Finnish ice hockey player (born 1993)

Teemu Lepaus (born March 12, 1993) is a Finnish professional ice hockey player who plays for Bietigheim Steelers in the Deutsche Eishockey Liga (DEL). He also plays roller in-line hockey last time playing for Team Haippi winning the Finnish championships. He has also played for the Finnish men's team winning silver in the 2017 world championships.

==Playing career==
In the 2014–15 season, Lepaus played in EHC Lustenau for 9 games. Lustenau won the INL championship that season. Lepaus also played in Suomi-sarja for Ketterä.

In the 2015–16 season Lepaus had moved to play for SaPKo in the finnish second-tier league, Mestis. He played 40 games and put up 22 points. 12 of those were goals.

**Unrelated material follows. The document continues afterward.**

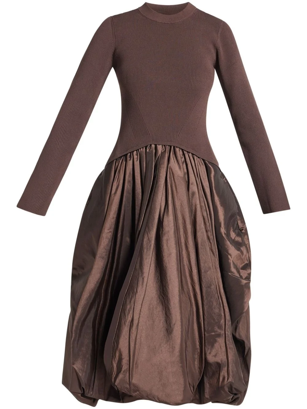 Kenlie dress Highlights - Chocolate brown - Ribbed knit - Panel detailing - Mock neck - Long sleeves - Split cuffs - Gathered detailing - Two side inset pockets - Flared skirt - Puffball hem - Full lining - Midi length Imported Composition Lining: Polyester 100% Outer: Rayon 83%, Elastane 17% SIZE & FIT FittingInformation Designed for a close fit at the chest and waist with a loose fit at the hip Made from a midweight stretch fabric, this piece offers elasticity and flexibility when worn Washing instructions Read Manufacturer Guidelines
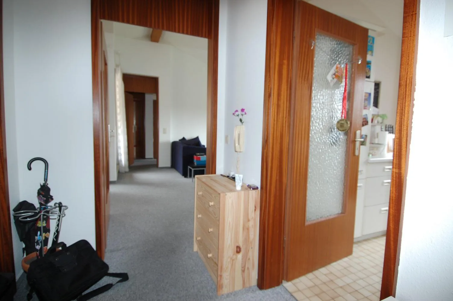 Die 2 Zimmer-Wohnung ist derzeit mit Teppich ausgestattet. Der Teppich wird noch entfernt und es wird Laminat verlegt.

The next season, 2016–17 Lepaus played for SaPKo for the last time. He played 48 games and made 62 points, but only 16 were goals. SaPKo won the Mestis championship and Lepaus was chosen for the all-star team. Lepaus had the most playoff points (17) and the most assists (46). Lepaus was also chosen as the playoffs MVP.

For the next four seasons (2017–2021) Lepaus played in the Finnish first-tier league, SM-liiga. He was on the roster of Ilves. Lepaus played 203 games in those four seasons and put up 104 points. 41 of those were goals.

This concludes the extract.